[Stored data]
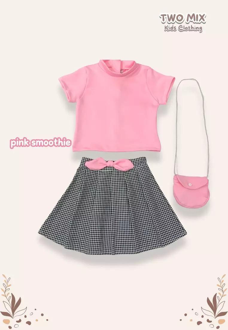 Two Mix - Emilia Setelan Baju Rok Anak Perempuan Gemas + Tas Lucu 1-6 Tahun 4412 Pink
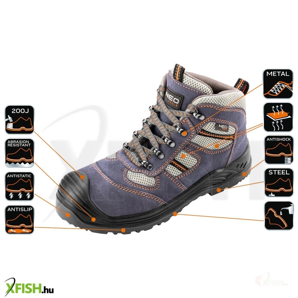 Neotools munkavédelmi bakancs, velúrbőr 44, ce, s1p sra
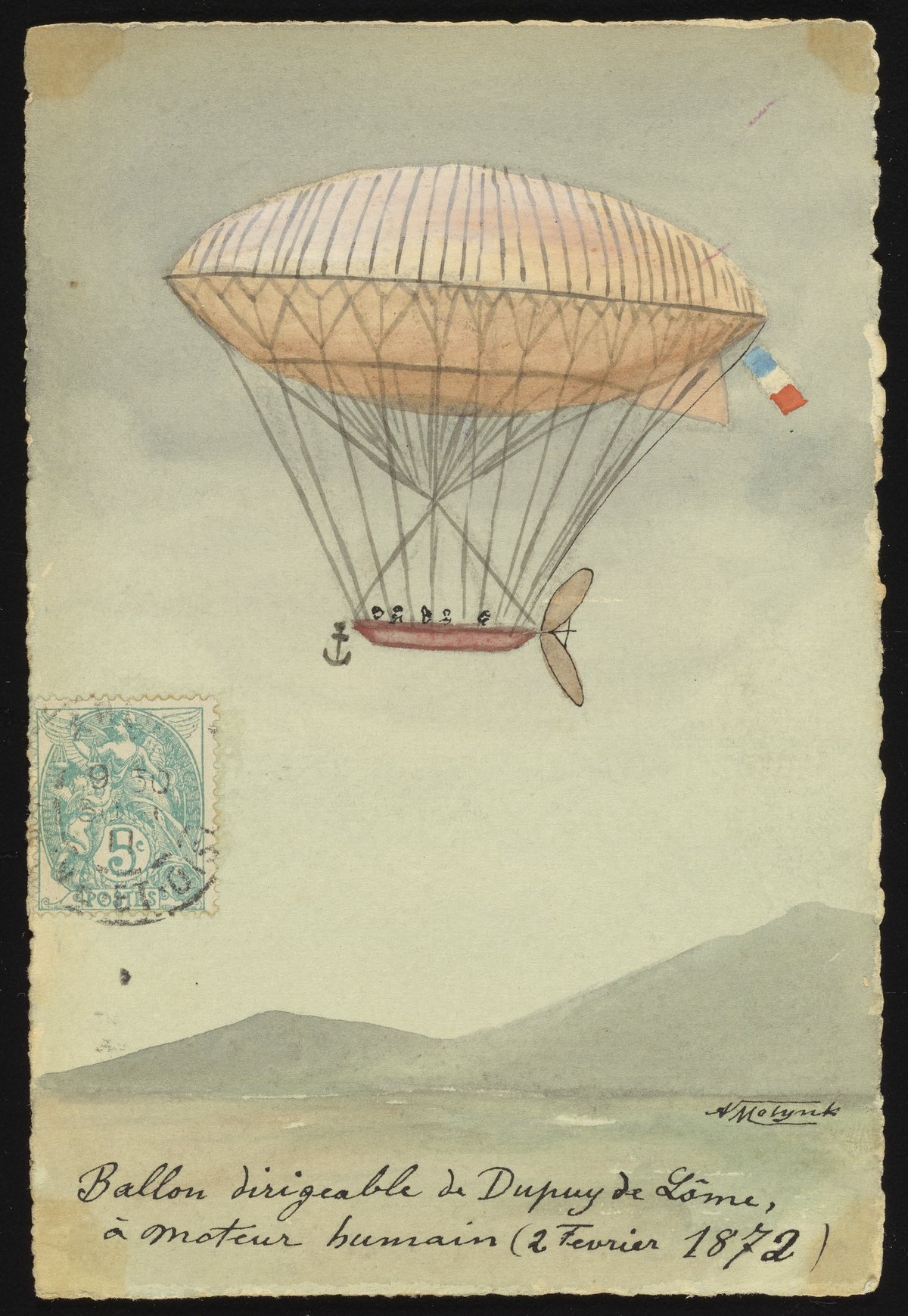 Molynk, A. “Ballon Dirigeable De Dupuy De Lôme, à Moteur Humain.” Watercolor (paint), 1872–1909. Donald F. Othmer Papers, Box 287. Science History Institute. Philadelphia. https://digital.sciencehistory.org/works/4q77fs41h.
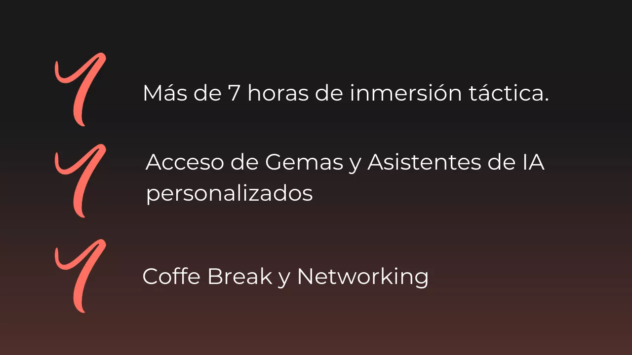 En este BLUEPRINT de MÁS DE 10 horas intensivas, no vienes a escuchar; vienes a construir tu plan de negocios y marketing con Inteligencia Artificial.
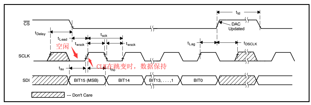 注意:DAC8830是支持16bit数据传输,且高字节在前的,所以需要将SPI的数据长度配置为16bit,将传输的FirstBit设置为SPI_FirstBit_Msb。同时关于CPOL和CPHA这两项一定不能配置错误,否则可能会导致数据解析出现异常,这两项要根据DAC8830提供的时许图来进行判断。CPOL意味着CLK在空闲状态时低还是高,而CPHA,则是来判断这个数据是在第一个边沿采集还是第二个边沿采集,通过查看DAC8830时序图,我们可以判断,空闲状态下的CLK为低电平,而采样在高电平,如下所示:
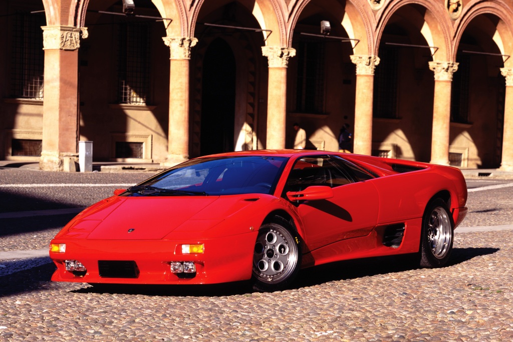 Az ördög nevét magán viselő Diablo ettől persze kicsit sem lett unalmas, el is költöttek hat milliárd olasz lírát a fejlesztésére. Nevében nincs semmi vallásellenes. Az eredete a cégalapító Ferruccio hobbiját megidézve egy régi, híres spanyol versenybikára vezethető vissza. Az eredeti Diablo 1990-ben még egy hátsókerékhajtású, V12-es középmotoros sportkocsi, ami 5,7 literes lökettérfogatból 499 lóerőt hozott ki 7000-res percenkénti fordulaton, 580 Nm nyomatékot 5200-on. Az 1998-ig kínált alapmodell egyben a legtöbbet gyártott változat. Bár a gyűjtői értéke ennek a legkisebb, de a menetteljesítményei ma is nagyon komolyak, hát még 25 éve milyen durvák lehettek. A gyorsulása 4,5 másodperc száz km/órára, a végsebessége meg 325 km/óra,de a gyári adatokat több esetben is sikerült a korabeli teszteken felülmúlni.
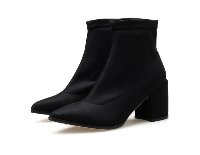 New Boots Thick Heel Stretch Cloth Short Tube Women's Boots Woman Shoes H8752
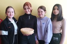 "Мөслим кызы-Мөслим егете" муниципаль проекты кысаларында 8нче сыйныф кызлары татар халкының милли ризыгы "Гөбәдия" пешерергә өйрәнделәр.
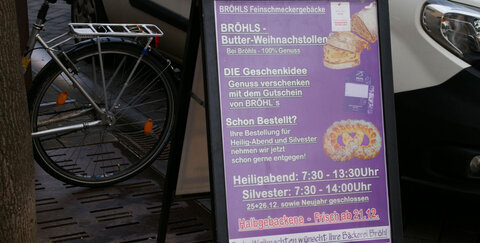 Bei Bröhl könnt ihr jetzt den leckeren Butter-Weihnachtsstollen genießen. Zudem nimmt das Team der Bäckerei eure Bestellung für Heiligabend und Silvester jetzt schon entgegen.

GOAL OF THE EXERCISE: From the line containing "муниципаль проекты кысаларында" through the end of the entries, quote each line exactly and nothing else, excluding all pictures.

EXERCISE SOLUTION:
 "Мөслим кызы-Мөслим егете" муниципаль проекты кысаларында 8нче сыйныф кызлары татар халкының милли ризыгы "Гөбәдия" пешерергә өйрәнделәр.
 Bei Bröhl könnt ihr jetzt den leckeren Butter-Weihnachtsstollen genießen. Zudem nimmt das Team der Bäckerei eure Bestellung für Heiligabend und Silvester jetzt schon entgegen.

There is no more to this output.